Frequently Asked Questions (FAQ) on Linear Regression Assumptions
| Question | Answer |
|---|---|
| Do all assumptions need to be perfectly met? | No. Some violations (e.g., normality with large samples) are less critical due to the Central Limit Theorem. However, severe violations of linearity, independence, or multicollinearity can invalidate results. |
| Is linear regression robust to outliers? | No. Outliers can distort parameter estimates and residuals. Consider robust regression methods or carefully inspect for outliers. |
| How important is normality of errors? | Primarily important for inference (p-values, confidence intervals), especially in small samples. OLS estimates remain unbiased even if normality is violated. |
| What is the most common violation in financial data? | Heteroscedasticity and autocorrelated errors are common, due to volatility clustering and temporal dependencies in financial time series. |
| How to handle multicollinearity in high-dimensional finance data? | Use regularization (Ridge/Lasso), principal component regression, or remove/reduce correlated predictors. |
Conclusion: Mastering Linear Regression Assumptions for SIG Interviews and Beyond
A strong grasp of linear regression assumptions and the consequences of their violation is essential for any aspiring SIG Quantitative Researcher Intern. These concepts form the basis for sound model-building, accurate inference, and robust quantitative analysis in finance and beyond. In your interviews and practical work, be ready to discuss not just what the assumptions are, but why they matter and how you would diagnose and address violations with both statistical rigor and practical solutions.

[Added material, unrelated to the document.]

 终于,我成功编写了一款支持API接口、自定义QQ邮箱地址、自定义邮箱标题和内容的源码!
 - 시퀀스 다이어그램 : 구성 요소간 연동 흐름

By mastering these principles, you demonstrate to SIG—and any data-driven organization—that you are prepared to build reliable, interpretable, and actionable models in the complex world of quantitative finance.

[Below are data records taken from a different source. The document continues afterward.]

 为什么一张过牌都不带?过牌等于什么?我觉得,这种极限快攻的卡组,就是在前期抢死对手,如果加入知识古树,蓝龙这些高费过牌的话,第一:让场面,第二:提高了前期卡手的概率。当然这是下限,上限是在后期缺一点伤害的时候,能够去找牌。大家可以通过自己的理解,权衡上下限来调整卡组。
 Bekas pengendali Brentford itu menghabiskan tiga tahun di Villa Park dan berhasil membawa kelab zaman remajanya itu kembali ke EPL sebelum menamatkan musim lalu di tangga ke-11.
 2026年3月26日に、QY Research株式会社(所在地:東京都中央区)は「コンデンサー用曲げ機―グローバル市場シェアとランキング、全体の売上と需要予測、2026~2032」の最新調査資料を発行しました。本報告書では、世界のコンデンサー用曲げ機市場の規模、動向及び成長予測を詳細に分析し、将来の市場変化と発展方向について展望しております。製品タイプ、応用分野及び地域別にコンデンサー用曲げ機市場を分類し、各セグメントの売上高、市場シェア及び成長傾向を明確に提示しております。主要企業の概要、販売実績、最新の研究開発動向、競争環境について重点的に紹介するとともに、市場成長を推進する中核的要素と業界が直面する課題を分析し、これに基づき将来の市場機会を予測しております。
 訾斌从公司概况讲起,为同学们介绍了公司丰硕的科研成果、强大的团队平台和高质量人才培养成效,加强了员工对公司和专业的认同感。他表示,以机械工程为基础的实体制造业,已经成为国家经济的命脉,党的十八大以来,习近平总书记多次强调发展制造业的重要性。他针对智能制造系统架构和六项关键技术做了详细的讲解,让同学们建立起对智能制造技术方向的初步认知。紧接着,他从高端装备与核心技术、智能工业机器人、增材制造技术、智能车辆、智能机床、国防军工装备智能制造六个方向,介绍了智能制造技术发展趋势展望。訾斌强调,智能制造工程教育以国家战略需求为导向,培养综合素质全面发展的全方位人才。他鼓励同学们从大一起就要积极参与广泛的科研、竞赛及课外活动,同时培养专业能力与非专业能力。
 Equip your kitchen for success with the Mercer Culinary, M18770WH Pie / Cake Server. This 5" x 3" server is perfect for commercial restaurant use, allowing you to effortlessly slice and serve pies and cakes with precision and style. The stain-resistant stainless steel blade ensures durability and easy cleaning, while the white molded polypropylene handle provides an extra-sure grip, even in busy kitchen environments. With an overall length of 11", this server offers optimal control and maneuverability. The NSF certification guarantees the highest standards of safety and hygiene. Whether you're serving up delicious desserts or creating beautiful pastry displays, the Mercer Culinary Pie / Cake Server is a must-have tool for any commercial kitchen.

Further Reading and Resources
- Assumptions of Linear Regression (Statistics Solutions)
- Scikit-learn: Linear Models
- Statsmodels: Regression Analysis
- Ordinary Least Squares (Wikipedia)
For SIG Quantitative Researcher Intern interviews, being able to articulate and apply your knowledge of linear regression assumptions will set you apart as a thoughtful, analytical, and practical candidate. Good luck!